:: Dataset records ::
Start of Block
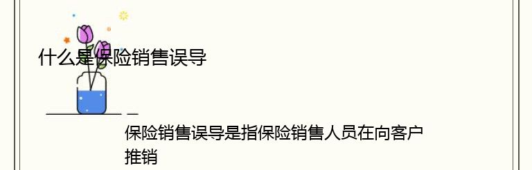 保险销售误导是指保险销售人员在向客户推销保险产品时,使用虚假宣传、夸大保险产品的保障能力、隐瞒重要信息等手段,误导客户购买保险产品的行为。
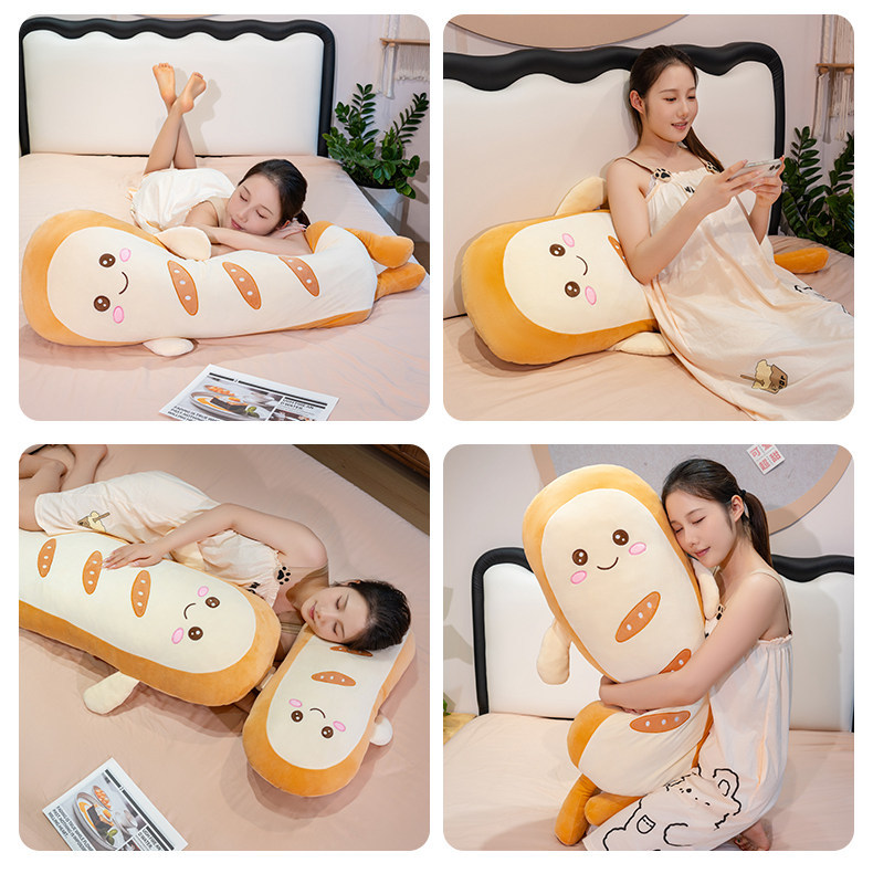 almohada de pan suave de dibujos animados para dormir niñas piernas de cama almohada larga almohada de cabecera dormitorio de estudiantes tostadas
End of Block
Start of Block
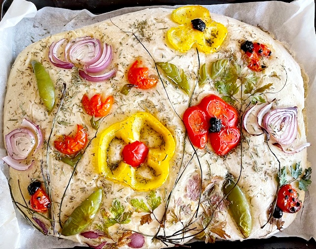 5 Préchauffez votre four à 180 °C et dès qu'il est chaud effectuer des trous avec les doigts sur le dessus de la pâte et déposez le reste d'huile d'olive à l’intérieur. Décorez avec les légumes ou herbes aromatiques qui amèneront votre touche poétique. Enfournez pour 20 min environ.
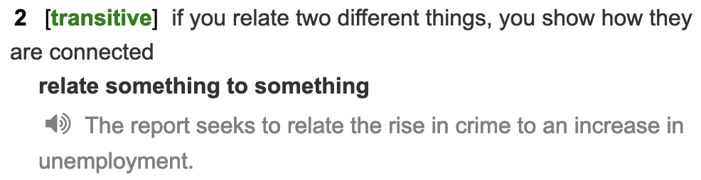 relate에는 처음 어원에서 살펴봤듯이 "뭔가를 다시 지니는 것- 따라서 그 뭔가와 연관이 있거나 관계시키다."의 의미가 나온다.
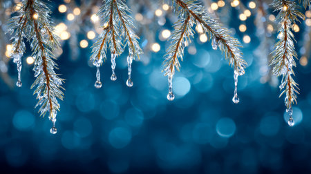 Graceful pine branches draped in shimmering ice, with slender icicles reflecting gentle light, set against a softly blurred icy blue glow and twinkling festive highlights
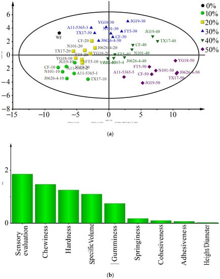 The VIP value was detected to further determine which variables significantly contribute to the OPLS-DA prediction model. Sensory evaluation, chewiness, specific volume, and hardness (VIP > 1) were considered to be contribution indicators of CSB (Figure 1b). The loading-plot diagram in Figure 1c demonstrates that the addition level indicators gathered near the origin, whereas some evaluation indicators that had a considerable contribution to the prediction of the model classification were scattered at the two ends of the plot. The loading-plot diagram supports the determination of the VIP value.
End of Block
:: Work required ::
Return exactly the stretch above whose first line contains "保险销售误导是指保险销售人员" and whose last line contains "almohada de pan", and nothing outside it. The pictures should not appear.

:: Exercise output ::
 保险销售误导是指保险销售人员在向客户推销保险产品时,使用虚假宣传、夸大保险产品的保障能力、隐瞒重要信息等手段,误导客户购买保险产品的行为。
 almohada de pan suave de dibujos animados para dormir niñas piernas de cama almohada larga almohada de cabecera dormitorio de estudiantes tostadas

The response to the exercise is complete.